Usage: hmmalign [-options] <hmmfile> <seqfile>

Basic options:

 -h     : show brief help on version and usage
 -o <f> : output alignment to file <f>, not stdout

Less common options:

 --mapali <f>    : include alignment in file <f> (same ali that HMM came from)
 --trim          : trim terminal tails of nonaligned residues from alignment
 --amino         : assert <seqfile>, <hmmfile> both protein: no autodetection
 --dna           : assert <seqfile>, <hmmfile> both DNA: no autodetection
 --rna           : assert <seqfile>, <hmmfile> both RNA: no autodetection
 --informat <s>  : assert <seqfile> is in format <s>: no autodetection
 --outformat <s> : output alignment in format <s>  [Stockholm]

Sequence input formats include: FASTA, EMBL, GenBank, UniProt Alignment output formats include: Stockholm, Pfam, A2M, PSIBLAST

hmmbuild

  1. hmmbuild :: profile HMM construction from multiple sequence alignments
  2. HMMER 3.1b1 (May 2013); http://hmmer.org/
  3. Copyright (C) 2013 Howard Hughes Medical Institute.
  4. Freely distributed under the GNU General Public License (GPLv3).
  5. - - - - - - - - - - - - - - - - - - - - - - - - - - - - - - - - - - - -

Usage: hmmbuild [-options] <hmmfile_out> <msafile>

Basic options:

 -h     : show brief help on version and usage
 -n <s> : name the HMM <s>
 -o <f> : direct summary output to file <f>, not stdout
 -O <f> : resave annotated, possibly modified MSA to file <f>

Options for selecting alphabet rather than guessing it:

 --amino : input alignment is protein sequence data
 --dna   : input alignment is DNA sequence data
 --rna   : input alignment is RNA sequence data

Alternative model construction strategies:

 --fast           : assign cols w/ >= symfrac residues as consensus  [default]
 --hand           : manual construction (requires reference annotation)
 --symfrac <x>    : sets sym fraction controlling --fast construction  [0.5]
 --fragthresh <x> : if L <= x*alen, tag sequence as a fragment  [0.5]

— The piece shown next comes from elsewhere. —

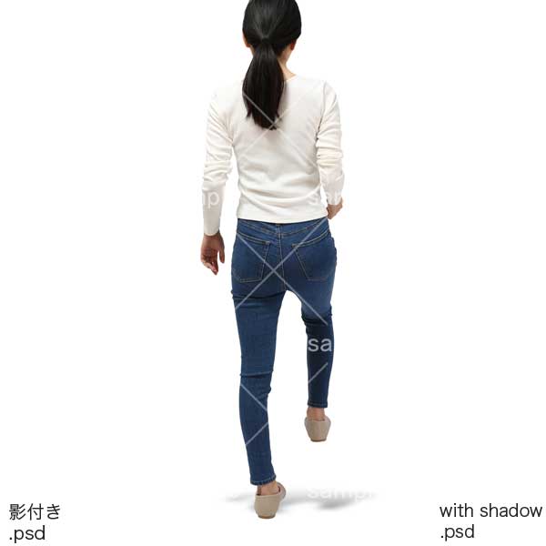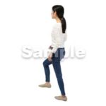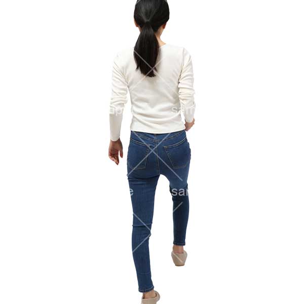 250909動作、日本人、女性、デニム、ジーンズ、スキニー、細身、階段を登る、一段上がる、Movement, Japanese, woman, denim, jeans, skinny, slim, climbing stairs, step up

Alternative relative sequence weighting strategies:

 --wpb     : Henikoff position-based weights  [default]
 --wgsc    : Gerstein/Sonnhammer/Chothia tree weights
 --wblosum : Henikoff simple filter weights
 --wnone   : don't do any relative weighting; set all to 1
 --wgiven  : use weights as given in MSA file
 --wid <x> : for --wblosum: set identity cutoff  [0.62]  (0<=x<=1)

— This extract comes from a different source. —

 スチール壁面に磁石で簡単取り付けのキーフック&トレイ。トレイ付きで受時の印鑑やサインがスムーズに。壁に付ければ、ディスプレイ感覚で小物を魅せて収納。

Alternative effective sequence weighting strategies:

 --eent       : adjust eff seq # to achieve relative entropy target  [default]
 --eclust     : eff seq # is # of single linkage clusters
 --enone      : no effective seq # weighting: just use nseq
 --eset <x>   : set eff seq # for all models to <x>
 --ere <x>    : for --eent: set minimum rel entropy/position to <x>
 --esigma <x> : for --eent: set sigma param to <x>  [45.0]
 --eid <x>    : for --eclust: set fractional identity cutoff to <x>  [0.62]

Alternative prior strategies:

 --pnone    : don't use any prior; parameters are frequencies
 --plaplace : use a Laplace +1 prior

Handling single sequence inputs:

 --singlemx    : use substitution score matrix for single-sequence inputs
 --popen <x>   : gap open probability (with --singlemx)
 --pextend <x> : gap extend probability (with --singlemx)
 --mx <s>      : substitution score matrix (built-in matrices, with --singlemx)
 --mxfile <f>  : read substitution score matrix from file <f> (with --singlemx)

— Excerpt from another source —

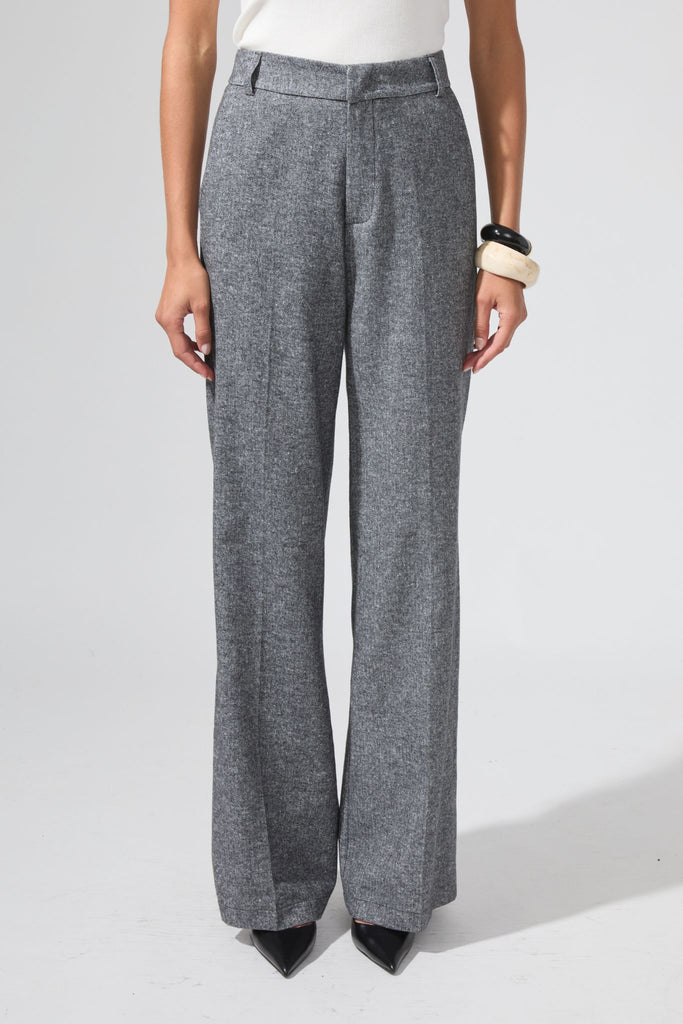 Rodrigue pants feature a straight, high-waisted cut that elongates the silhouette. They stand out for their impeccable fit and pronounced pleats that structure the leg.

Control of E-value calibration:

 --EmL <n> : length of sequences for MSV Gumbel mu fit  [200]  (n>0)
 --EmN <n> : number of sequences for MSV Gumbel mu fit  [200]  (n>0)
 --EvL <n> : length of sequences for Viterbi Gumbel mu fit  [200]  (n>0)
 --EvN <n> : number of sequences for Viterbi Gumbel mu fit  [200]  (n>0)
 --EfL <n> : length of sequences for Forward exp tail tau fit  [100]  (n>0)
 --EfN <n> : number of sequences for Forward exp tail tau fit  [200]  (n>0)
 --Eft <x> : tail mass for Forward exponential tail tau fit  [0.04]  (0<x<1)

Other options:

 --cpu <n>          : number of parallel CPU workers for multithreads
 --stall            : arrest after start: for attaching debugger to process
 --informat <s>     : assert input alifile is in format <s> (no autodetect)
 --seed <n>         : set RNG seed to <n> (if 0: one-time arbitrary seed)  [42]
 --w_beta <x>       : tail mass at which window length is determined
 --w_length <n>     : window length
 --maxinsertlen <n> : pretend all inserts are length <= <n>


hmmconvert

  1. hmmconvert :: convert profile file to a HMMER format
  2. HMMER 3.1b1 (May 2013); http://hmmer.org/
  3. Copyright (C) 2013 Howard Hughes Medical Institute.
  4. Freely distributed under the GNU General Public License (GPLv3).
  5. - - - - - - - - - - - - - - - - - - - - - - - - - - - - - - - - - - - -

Usage: hmmconvert [-options] <hmmfile>

Options:

 -h           : show brief help on version and usage
 -a           : ascii:  output models in HMMER3 ASCII format  [default]
 -b           : binary: output models in HMMER3 binary format
 -2           : HMMER2: output backward compatible HMMER2 ASCII format (ls mode)
 --outfmt <s> : choose output legacy 3.x file formats by name, such as '3/a'


hemmit

  1. hmmemit :: sample sequence(s) from a profile HMM
  2. HMMER 3.1b1 (May 2013); http://hmmer.org/
  3. Copyright (C) 2013 Howard Hughes Medical Institute.
  4. Freely distributed under the GNU General Public License (GPLv3).
  5. - - - - - - - - - - - - - - - - - - - - - - - - - - - - - - - - - - - -

Usage: hmmemit [-options] <hmmfile (single)>

Common options are:

 -h     : show brief help on version and usage
 -o <f> : send sequence output to file <f>, not stdout
 -N <n> : number of seqs to sample  [1]  (n>0)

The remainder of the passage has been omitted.